Categories: Political

Watergate Scandal – 1972-1974

The events which led to the resignation, on August 9 1974, of President Richard Nixon began in a relatively low-key way with the red-handed arrest in the early hours of a June 1972 night of five burglars. The building they were apprehended in, however, was no ordinary one but the headquarters of the Democratic Party in Washington DC, housed at the time in the Watergate apartment complex. As it emerged in the subsequent trials and investigations, the burglars had been part of a covert operation, known as the ‘plumbers unit’, which had already engineered one break-in of the Watergate offices to install bugging equipment.

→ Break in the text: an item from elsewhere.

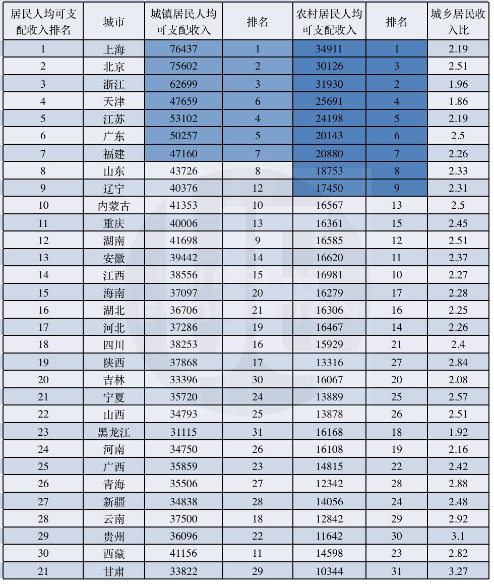農村居民消費人均消費支出前十分別是:上海、浙江、北京、廣東、江蘇、天津、福建、安徽、湖南和四川。

In the background was Republican President Nixon’s campaign to secure a second elected term and the eerily well-named CREEP, the Committee to Re-elect the President. In the November poll Nixon gained a landslide victory, winning over 60 per cent of the popular vote. But any sense of triumph was short-lived as the Watergate clouds darkened and Washington Post reporters Carl Bernstein and Bob Woodward kept the public supplied with fresh revelations of murky dealings in the administration. Although Nixon initially denied any prior knowledge of the break-in or involvement in a subsequent cover-up, the string of trials and resignations that followed ensured no let-up for the White House.

In June 1973 John Dean, the former presidential counsel, formally implicated President Nixon in testimony to a Senate committee; the killer blow came, however, with the revelation that tape recordings existed of White House conversations covering this period. When the president refused to testify or to hand over the tapes, Congress began an impeachment process against him. As a vote for impeachment drew ever closer, Nixon bowed to the inevitable and, three days after finally releasing the tapes, announced his resignation in a televised address to the nation.

When: June 1972 to August 1974

Where: Washington DC, USA

Toll: Three of Nixon’s co-conspirators were jailed. Watergate cast doubt on the probity of politicians in general and severely dented the reputation of the legal profession because so many of those involved were lawyers. The affair made such an impression on the public consciousness all over the world that since then almost any public scandal is suffixed with ‘-gate’.

You should know: One month after Nixon’s resignation, the new president, Gerald Ford, who had been Nixon’s vice president, granted him a ‘full free and absolute’ pardon for ‘all offenses against the United states’. Richard Nixon is the only US president to have resigned from office.